» **Task input**:
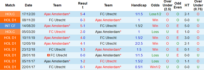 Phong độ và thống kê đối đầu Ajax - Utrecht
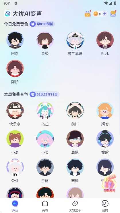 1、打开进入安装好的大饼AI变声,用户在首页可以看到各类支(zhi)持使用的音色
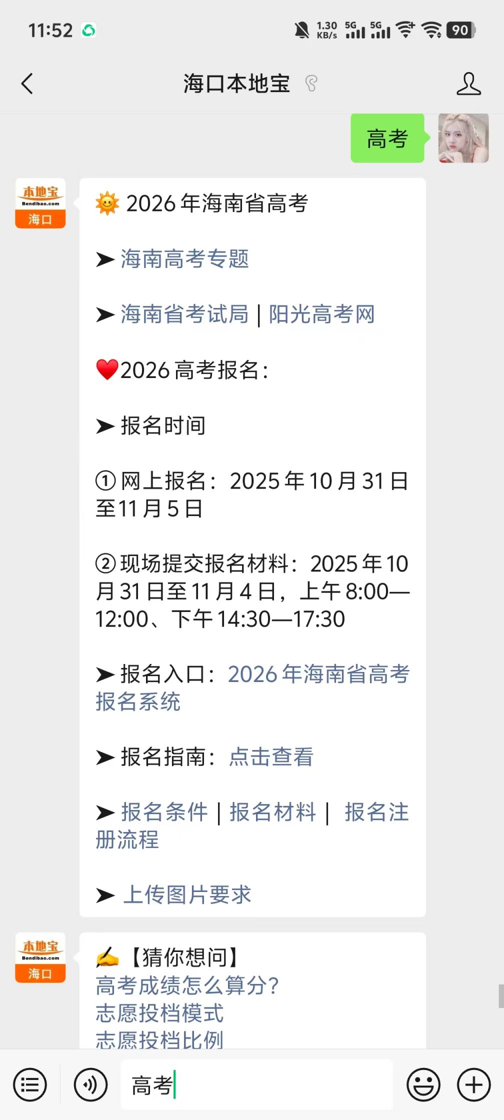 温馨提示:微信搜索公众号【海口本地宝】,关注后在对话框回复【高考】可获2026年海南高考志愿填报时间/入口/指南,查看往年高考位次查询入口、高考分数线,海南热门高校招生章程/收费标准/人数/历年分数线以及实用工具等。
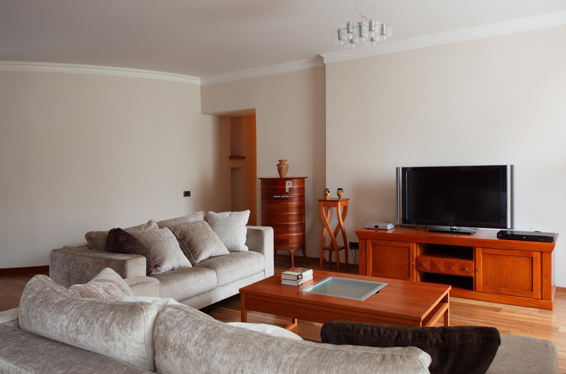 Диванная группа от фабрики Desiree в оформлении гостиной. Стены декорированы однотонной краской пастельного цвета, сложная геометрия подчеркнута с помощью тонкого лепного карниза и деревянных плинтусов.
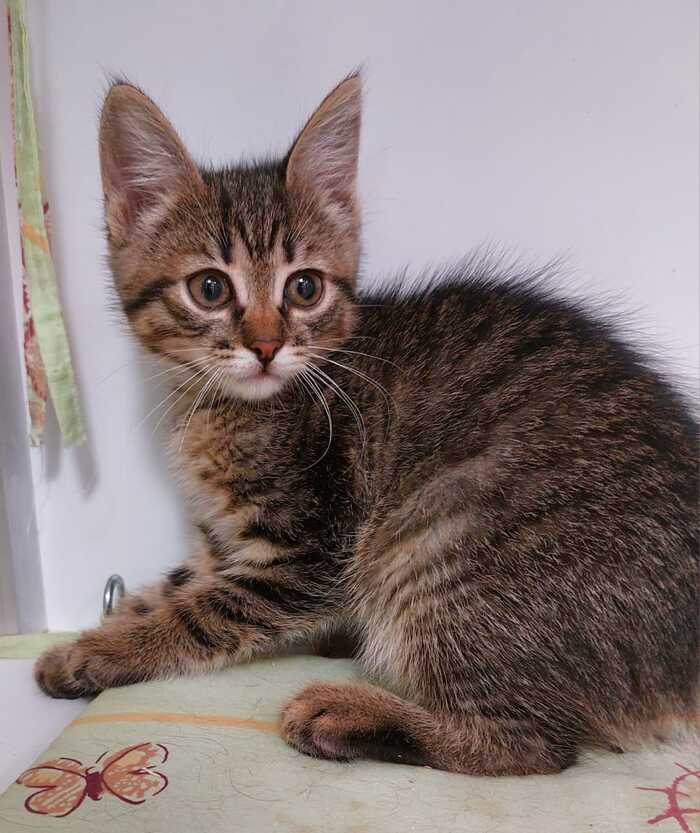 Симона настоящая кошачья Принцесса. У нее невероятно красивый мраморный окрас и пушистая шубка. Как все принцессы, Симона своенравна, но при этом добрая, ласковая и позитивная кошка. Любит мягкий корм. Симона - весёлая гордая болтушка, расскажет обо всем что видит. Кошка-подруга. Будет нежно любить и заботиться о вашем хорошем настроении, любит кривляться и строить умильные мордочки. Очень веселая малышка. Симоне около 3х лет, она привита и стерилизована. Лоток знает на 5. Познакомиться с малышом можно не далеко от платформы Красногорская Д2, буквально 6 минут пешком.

» **What to work on**: Please transcribe exactly the lines from the start of the records through the line containing "Диванная группа от", leaving the pictures out.

» **Answer for the task**:
 Phong độ và thống kê đối đầu Ajax - Utrecht
 1、打开进入安装好的大饼AI变声,用户在首页可以看到各类支(zhi)持使用的音色
 温馨提示:微信搜索公众号【海口本地宝】,关注后在对话框回复【高考】可获2026年海南高考志愿填报时间/入口/指南,查看往年高考位次查询入口、高考分数线,海南热门高校招生章程/收费标准/人数/历年分数线以及实用工具等。
 Диванная группа от фабрики Desiree в оформлении гостиной. Стены декорированы однотонной краской пастельного цвета, сложная геометрия подчеркнута с помощью тонкого лепного карниза и деревянных плинтусов.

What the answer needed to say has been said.